Cross-Border Equity Market Integration and Corporate Investment Efficiency: Evidence from China
Abstract
This paper explores a practical question: when stock markets become more connected across borders, does that actually push companies to make better investment decisions? To examine this, China and Hong Kong's cross-border stock trading program is used as a real-world test case. What makes this setup useful is that it allows foreign investors to trade shares in certain Chinese companies without changing how those companies are run internally, so any behavioral shifts can be traced back to market integration itself.

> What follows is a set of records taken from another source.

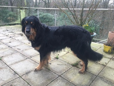 Nestor vom Büssemfeld ist ein schwarzmarkener Rüde vom derben Typ, mit kräftigem Kopf und komplettem Scherengebiss. Behänge, Rücken, Rute und Hoden sind in Ordnung, seine Winkelungen sind korrekt. Er hat eine vorzügliche Fellstruktur und eine korrekte Markenzeichnung mit durchgehend schöner Markenfarbe. Der Rüde zeigt ein flüssiges Gangwerk und präsentiert sich freundlich und sehr temeramentvoll im Ring. (Richterberich) Auf Ausstellungen wurde er bis jetzt mit V2 bewertet. Wir haben ihn als tollen Gentleman kennengelernt. Er geht sehr freundlich auf Menschen zu und begrüßt sie herzlichst. Auch bei anderen Hunden ist er kein Raufbold sondern eher der zurückhaltende freundliche Herr. Und mit Mädels spielt er sehr lieb und kann auch vorsichtig sein.-) Natürlich beschützt er auch Haus und Hof so, wie es sich für einen waschechten Hovi gehört. Er arbeitet sehr gerne auf dem Hundeplatz und zeigt eine hervorragende Nasenarbeit. Auch der Schutzdienst macht ihm viel Spaß! Alles in Allem ein Traumrüde von dem wir uns in der Verpaarung mit Hera sehr schöne, gesunde, wesensfeste und temperamentvolle Nachkommen versprechen.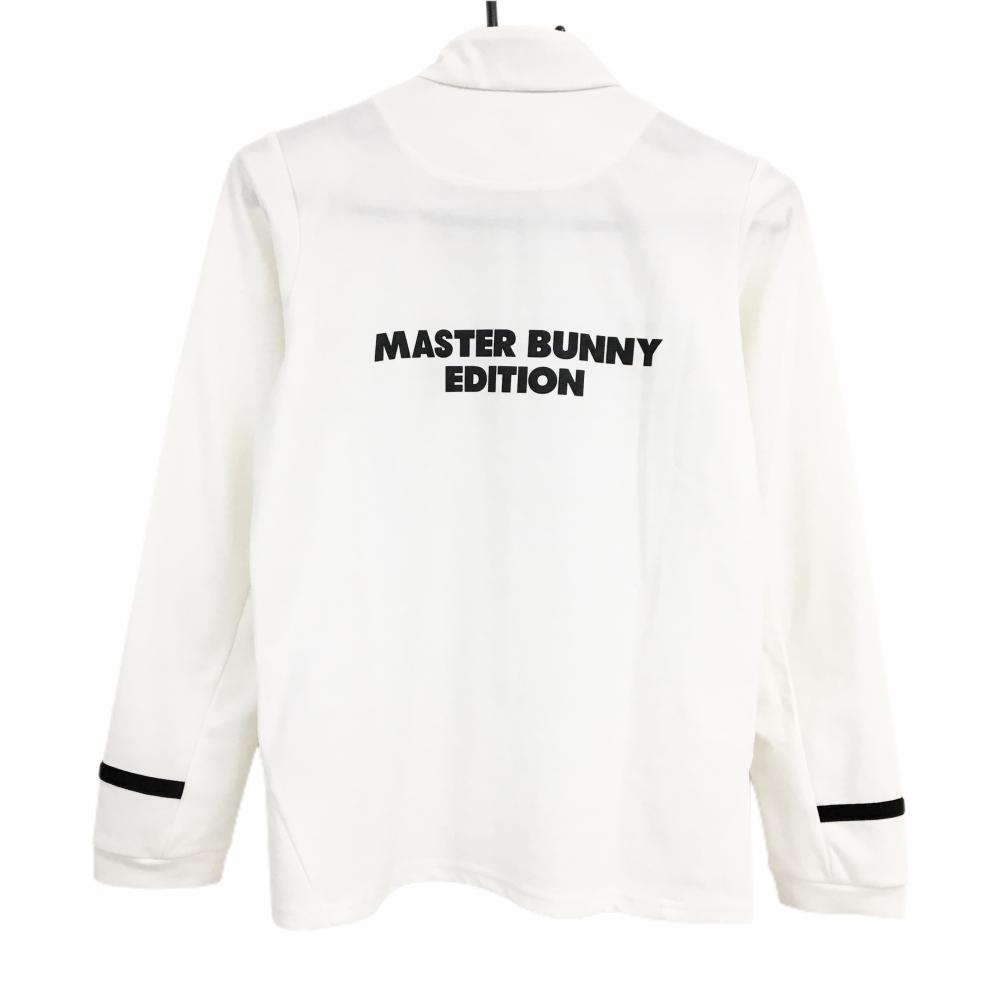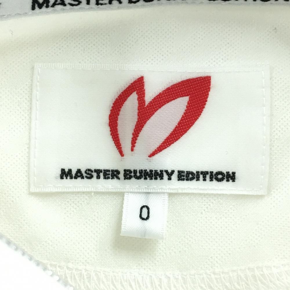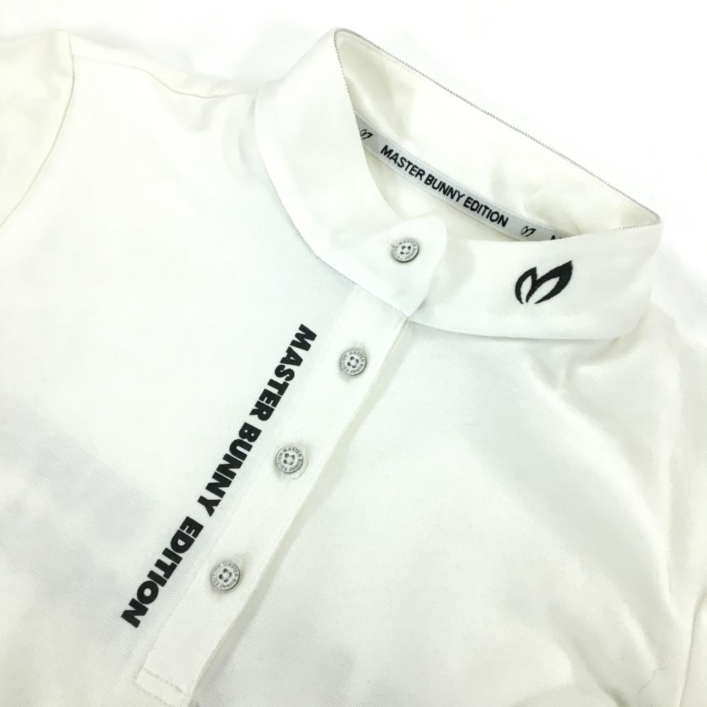 【超美品】マスターバニー 長袖ポロシャツ 白 千鳥格子地模様 スタンドカラー ロゴ黒 レディース 0(S) ゴルフウェア MASTER BUNNY EDITION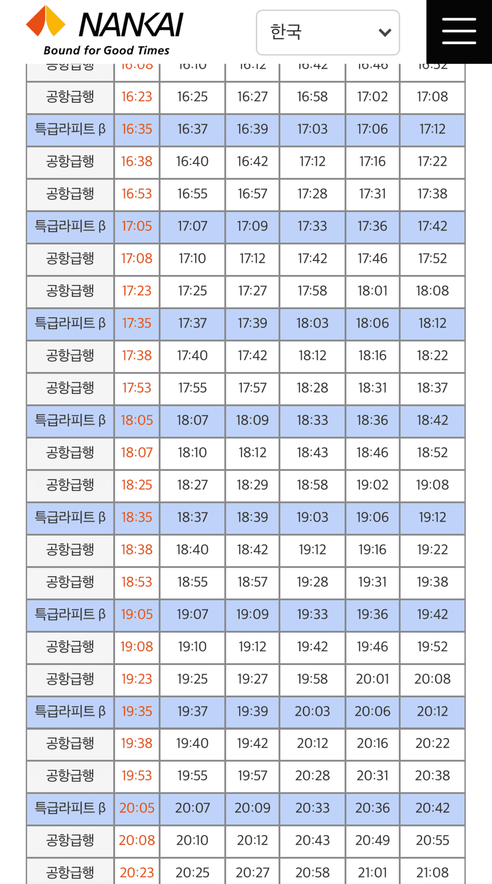 난카이 사이트에 들어가면 출발 시간과 도착 예정시간까지 나와있으니 참고하셔서 탑승 시간을 정하셔도 좋을 것 같네요. '특급라피트'라고 쓰인 파란색 줄이 난카이 라피트 시간표이고요, 공항급행이 위에서 언급했던 일반 공항 급행열차 시간표예요!

Drawing on data from Chinese publicly listed companies between 2010 and 2023, the study measures how far each firm's investment decisions stray from the optimal level. Through regression analysis controlling for individual company characteristics and broader yearly trends, the paper tracks what happens to firms once they join the program.
The findings are fairly clear: companies that joined the cross-border trading program became noticeably better at allocating capital compared to those that didn't. The improvement unfolds gradually rather than immediately, suggesting firms need time to adjust to new investor dynamics. These findings hold up across different measures of investment efficiency and different sample configurations.
Overall, this study offers a firm-level perspective on what financial integration actually does in practice. It shows that opening equity markets to a broader pool of international investors can meaningfully improve how companies deploy their resources.